In her chapter “The Sporting Life,” in Chickens’ Lib: The Story of a Campaign, Clare Druce draws attention to the game bird industry. Victims of the tradition of organized bird-shooting parties, pheasants and other avian species targeted for assault are debeaked and fitted with clamps, spectacles, and other sociopathic devices that, added to the squalor in which they are raised for the massacre that awaits them, result in inflamed nostrils and beaks, septicemia, arthritis, brain disease, tumors, blindness, chronic pain, terror and other pathologies duly reported in the Veterinary Record, the weekly journal of the veterinary profession.
It isn’t just Britain, of course. As Druce writes on page 232: “Most of our knowledge about game birds has been based on practices in the UK, but while writing this chapter I’ve looked at various websites. One day I lit upon a hauntingly sad image from America. A sturdy leather harness encircles a live pheasant as she lies helpless on the grass, denied any hope of movement, let alone escape. The device comes in different sizes to suit different types of birds, including the tiny quail, and is an aid for training gun dogs.”
Pheasant Breeding Program in New York State
New York State Department of Environmental Conservation
It isn’t just England, Iowa, Pennsylvania, or Utah. The New York State Department of Environmental Conservation runs a program, announced as follows in 2017:
Applications for Cooperative “Raise and Release” Program Due by March 25The opening of the application period for the cooperative Day-Old Pheasant Chick Program to enhance opportunities for pheasant hunting in New York has begun, the State Department of Environmental Conservation (DEC) announced today.

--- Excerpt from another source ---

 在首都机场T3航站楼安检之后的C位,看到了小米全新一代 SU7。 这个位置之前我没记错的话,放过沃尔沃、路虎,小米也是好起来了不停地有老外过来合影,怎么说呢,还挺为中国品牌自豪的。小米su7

The program provides pheasant hunting opportunities through a partnership among DEC, sportsmen and sportswomen, 4-H youth groups, and landowners interested in rearing and releasing pheasants. The program is funded through the State Conservation Fund, which is supported by license fees paid by hunters, trappers, and anglers.

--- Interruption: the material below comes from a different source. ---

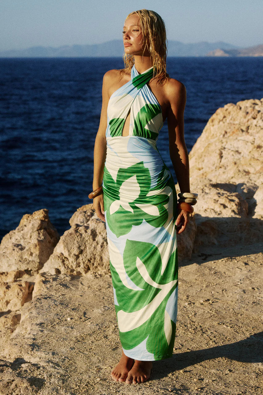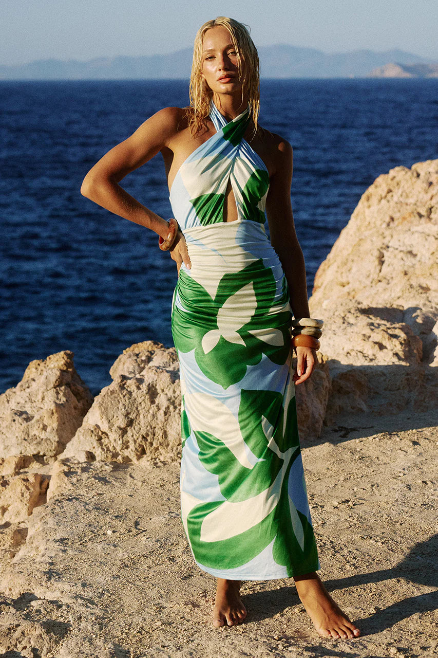 Our Aubrie Cut-Out Maxi Dress features a bold print in fresh green and sky blue tones. With a flattering halter neckline and side split detail, it’s made for sun-drenched days and evenings by the sea.

The Day-Old Pheasant Chick Program began in the early 1900s, when pheasant eggs and chicks were distributed to farmers and rural youth. Today, day-old chicks are available at no cost to participants who are able to provide a brooding facility, a covered outdoor rearing pen, and an adequate release site.
Daily care is necessary to monitor the health of the birds and to ensure there is adequate feed and water for the rapidly growing chicks. The pheasants may be released when they are eight weeks old and no later than Dec. 1. Approved applicants will receive the day-old chicks in April, May, or June. All release sites must be approved in advance by DEC and must be open for public pheasant hunting opportunities.

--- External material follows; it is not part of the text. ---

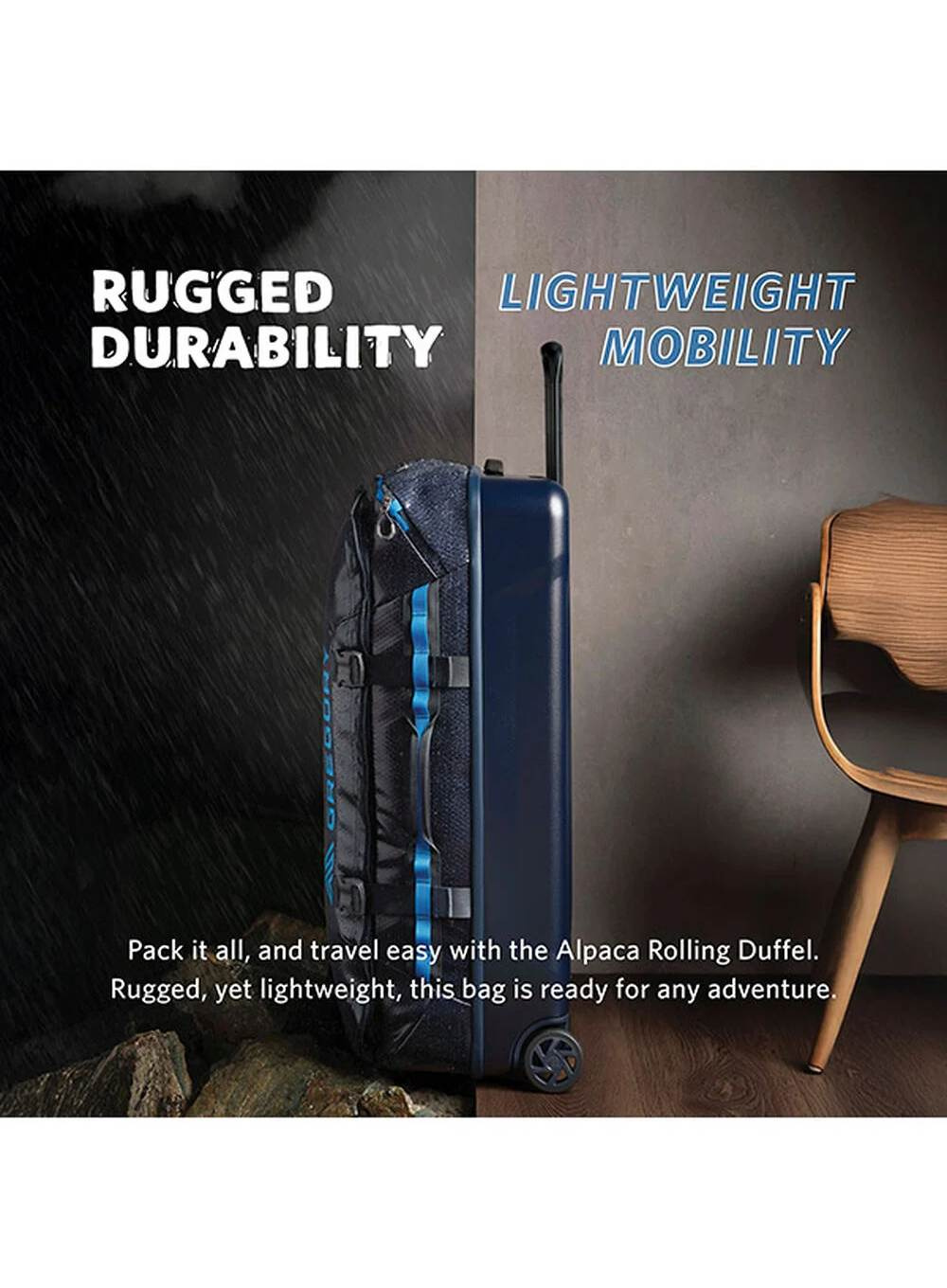 Gregory Alpaca Wheeled Duffle 40 to funkcjonalna torba podróżna stworzona z myślą o wygodzie i trwałości. Hybrydowa konstrukcja z odpornym na uderzenia dnem z poliwęglanu i powłoką TPU chroni zawartość przed uszkodzeniami i wilgocią.

In 2016, DEC distributed more than 34,000 day-old pheasant chicks to qualified applicants. Individuals interested in this program should contact the nearest DEC regional wildlife office for applications and additional information (see information below). Applications must be filed with a DEC regional wildlife manager by March 25. A “Pheasant Rearing Guide” and applications are also available on DEC’s website.
In the U.S. so far, little or no attention has been paid by animal advocacy organizations to the sadistic “sport” of pheasant hunting. The birds are intentionally bred and captive-raised by U.S. government agencies at the state level for the sole purpose of gratifying the instincts of people like Donald Trump, Jr., and others for whom torturing, injuring, and killing these birds puts a smile on their faces and a swell of some sort of pride.